A song of ascents, by David.
122:1 I was glad because they said to me,
“We will go to the LORD’s temple.”
122:2 Our feet are standing
inside your gates, O Jerusalem.
122:3 Jerusalem is a city designed
to accommodate an assembly.
122:4 The tribes go up there,
the tribes of the LORD,
where it is required that Israel
give thanks to the name of the LORD.
122:5 Indeed, the leaders sit there on thrones and make legal decisions,
on the thrones of the house of David.
122:6 Pray for the peace of Jerusalem!
May those who love her prosper!
122:7 May there be peace inside your defenses,
and prosperity inside your fortresses!
122:8 For the sake of my brothers and my neighbors
I will say, “May there be peace in you!”
122:9 For the sake of the temple of the LORD our God
I will pray for you to prosper.
Pray for the peace of Jerusalem – ‘Jerusalem’ means ‘city of peace’, and so:
‘The psalmist urges his fellow pilgrims to bring their prayers of greeting that the city may be enabled to live up to its name.’ (Allen)
Mays: It is as if the psalmist is urging fellow-pilgrims to greet Jerusalem as a friend, with the familiar: “Is it well (shalom) with you [name]?”
Mays: The joyful greeting of vv6-9 contrasts with the greeting of lament uttered by our Lord as he approached the holy city:
Luke 19:41–44 – Now when Jesus approached and saw the city, he wept over it, 42 saying, “If you had only known on this day, even you, the things that make for peace!
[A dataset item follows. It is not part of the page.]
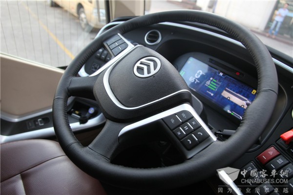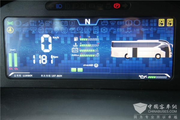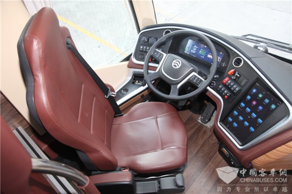 作为试驾者,我最先关注的是驾驶区设计。当看到一部已经旋转好45°等待迎接驾驶者进入的座椅时,估计很多驾驶者会如我一样被这种贴心的设计所打动。由于客车以乘客满意度为主要衡量指标,国内客车产品的设计者会把更多精力放在乘客区,普遍存在着对驾驶区关注度不够的问题。但事实上,驾驶员的工作状态对一辆客车的安全性、经济性和舒适性有着至关重要的影响。从领航者身上我们看到了国内客车在驾驶区设计理念上的改变,除了一款舒适可旋转的空气悬浮座椅,AMT变速器、一键启动装置、电动车窗及后视镜调节、电动遮阳帘、电子驻车制动等自动化配置,都会让驾驶者像驾驶一辆家用车那样轻松。

But now they are hidden from your eyes. 43 For the days will come upon you when your enemies will build an embankment against you and surround you and close in on you from every side. 44 They will demolish you—you and your children within your walls—and they will not leave within you one stone on top of another, because you did not recognize the time of your visitation from God.”
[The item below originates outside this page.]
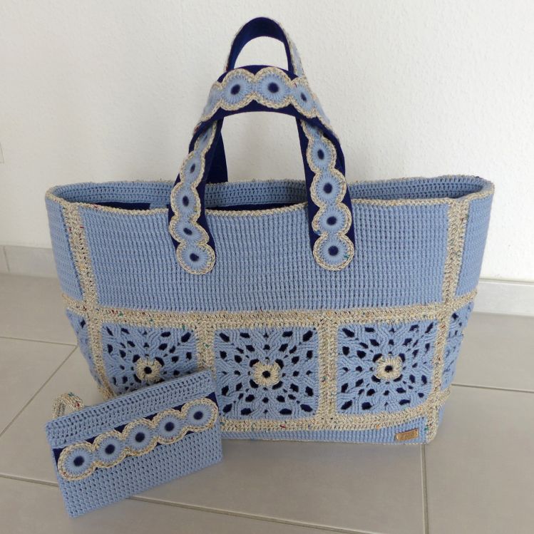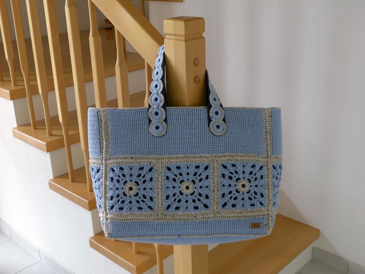 Die Anleitung umfasst insgesamt 52 Seiten mit zahlreichen Bildern. Allein das Häkeln des Grannys zeige ich euch anhand von 99 Bildern. Schritt für Schritt führe ich euch von der ersten Masche bis zur fertigen Tasche.

May those who love her prosper! – Old Testament teaching often defined ‘prosperity’ first of all in material, this-worldly, terms. But, as with so much else in the OT, this points forward to the spiritual enrichment that is experienced by the people of Christ.
Wiersbe: Paul prayed for his fellow-Jews (Rom 10:1), yet was poor in material terms (2 Cor 6:10). It would be perverse to focus on personal prosperity when the emphasis in the psalm itself is on God’s city, God’s house, and God’s people. The application today is for us, as the people of God, and as citizens of the heavenly country, to pray for shalom within and between the churches.